La residencia Winchester estuvo siempre en reformas, reformas que se prolongaron, ininterrumpidamente, durante treinta y ocho años. De hecho, las obras constantes fueron la misma razón de ser de la Mansión Winchester. Alguno pensará que soportar albañiles martilleando día y noche durante cuatro décadas podría enloquecer a cualquiera... pero el imparable trajín constructivo, lejos de incomodar a la propietaria, más bien ayudaba a tranquilizarla. El ir y venir de carpinteros y fontaneros, las puertas y tabiques que se ponían hoy y se quitaban mañana, las ventanas que cambiaban constantemente de lugar, mantenían viva a la dueña de casa y a la vez entretenidos a los miles de habitantes de la mansión Winchester. Porque Sarah, viuda de William Winchester, no vivía sola. La acompañaban a toda hora las almas en pena de los que habían muerto a consecuencia del uso de los populares rifles fabricados por la empresa familiar de la que procedía.

La joven viuda era heredera de la fabulosa fortuna amasada por su suegro gracias a su célebre rifle Winchester de repetición, un revolucionario invento que prácticamente acabó por decidir el resultado de la guerra de secesión norteamericana, y enriqueció a la familia. No fue hasta quedarse viuda que Sarah se vió acosada por un flujo interminable de fantasmas que volvían desde el más allá para atormentarla con reclamaciones y quejas.

Sarah inició una desesperada huida hacia ninguna parte, intentando dar esquinazo a los espectros, hasta que en 1884 acabó recalando en San José, un pueblo del oeste de California, en donde adquirió una finca con una casa a medio construir. Sarah no tenía ni idea de arquitectura, pero inmediatamente decidió desechar los planos y ponerse a improvisar. Con una cuadrilla estable de casi treinta trabajadores que se instalaron el la finca de manera permanente, se pasó las siguientes cuatro décadas construyendo y reformando el caserón día y noche, sin parar ni siquiera los fines de semana. Sarah se dió cuenta de que las obras mantenían desorientados a los espectros, que vagaban estupefactos por pasillos y estancias que constantemente cambiaban de lugar o de dirección. Por esa misma razón, y para no perder la ventaja del efecto sorpresa, Sarah no seguía planos estrictos en la construcción: cada mañana bien temprano, con el desayuno, decidía con sus capataces y sobre la marcha las reformas del día. Reformas que no necesariamente seguían el sentido común. Así, en las cerca de ciento sesenta estancias que tenía el caserón (el número, evidentemente, fluctuaba), los fantasmas se podían encontrar con ventanas empotradas en el suelo, puertas que daban a una pared, una habitación construída dentro de otra, pasillos que acababan en el punto de inicio o escaleras que volvían sobre sí mismas. Incluso había una impresionante escalera de caracol de 42 escalones que sólo subía tres metros del suelo, puesto que cada escalón medía cinco centímetros de alto.

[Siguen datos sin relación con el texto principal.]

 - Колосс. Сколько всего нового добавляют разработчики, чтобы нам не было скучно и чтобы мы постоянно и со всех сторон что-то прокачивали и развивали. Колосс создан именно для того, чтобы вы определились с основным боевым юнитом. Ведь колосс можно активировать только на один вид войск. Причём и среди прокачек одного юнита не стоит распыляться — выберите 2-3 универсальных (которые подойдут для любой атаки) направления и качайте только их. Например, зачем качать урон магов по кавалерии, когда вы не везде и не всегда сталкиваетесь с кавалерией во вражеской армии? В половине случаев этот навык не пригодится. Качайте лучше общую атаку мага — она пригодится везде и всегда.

No solo los fantasmas se confundían: el servicio doméstico debía usar planos (que variaban casi cada día) para las tareas más elementales, como encontrar el camino de regreso a la cocina luego de servir el desayuno.

Se puede decir sin temor a exagerar que Sarah Winchester elevó el bricolage a la categoría de arte, y su propio hogar fue su obra maestra: una única obra, pero siempre diferente.

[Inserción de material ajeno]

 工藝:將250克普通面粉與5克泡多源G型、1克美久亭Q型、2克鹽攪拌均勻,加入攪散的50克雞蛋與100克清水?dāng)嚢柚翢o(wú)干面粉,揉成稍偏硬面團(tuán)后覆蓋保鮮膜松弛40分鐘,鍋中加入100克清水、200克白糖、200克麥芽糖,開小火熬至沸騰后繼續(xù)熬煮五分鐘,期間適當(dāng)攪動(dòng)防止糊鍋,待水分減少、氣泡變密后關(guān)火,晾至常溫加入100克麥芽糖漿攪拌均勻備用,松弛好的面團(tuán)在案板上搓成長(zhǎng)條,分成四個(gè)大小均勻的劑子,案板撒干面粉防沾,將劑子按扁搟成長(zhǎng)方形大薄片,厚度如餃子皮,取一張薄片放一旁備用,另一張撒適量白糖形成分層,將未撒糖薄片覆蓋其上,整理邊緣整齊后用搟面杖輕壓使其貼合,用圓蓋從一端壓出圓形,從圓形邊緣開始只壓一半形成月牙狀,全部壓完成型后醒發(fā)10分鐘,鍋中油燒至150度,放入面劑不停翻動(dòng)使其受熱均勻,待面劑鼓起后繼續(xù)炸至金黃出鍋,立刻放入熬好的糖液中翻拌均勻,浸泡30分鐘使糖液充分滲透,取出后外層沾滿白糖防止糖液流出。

La casona siguió su rutina de cambios constantes (llegó a alcanzar una altura de siete plantas), hasta el año 1922, año en el que Sarah, ya octogenaria, acabó uniéndose a la tropa de almas que durante tantos años le habían hecho compañía. 

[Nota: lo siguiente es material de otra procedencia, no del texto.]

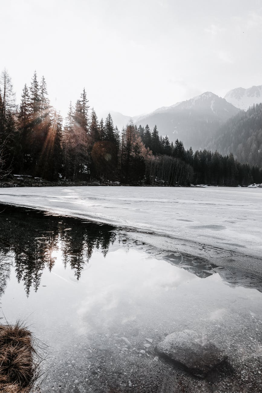 green pine trees beside body of water

Sus herederos vieron en la vieja mansión una extraordinaria oportunidad de negocio: puesto que ya arrastraba una reputación de casa encantada, la acabaron explotando como atracción turística bajo el nombre de Winchester Mistery House. De hecho, aún hoy se puede visitar. Tienen una página web, una tienda de souvenirs, y ofrecen una visita guiada en donde los esforzados guías se empeñan en convencer al turista de que aún se escuchan extraños ruidos de almas en pena por los pasillos. Todo en vano: con la muerte de Sarah el trasiego de las obras cesó definitivamente, y también cesó el deambular de los fantasmas. ¿Por qué se fueron? Tal vez sin Sarah Winchester ellos ya nada tenían que hacer allí. Tal vez a los fantasmas, como a los jubilados, lo que realmente les gustaba era mirar las obras.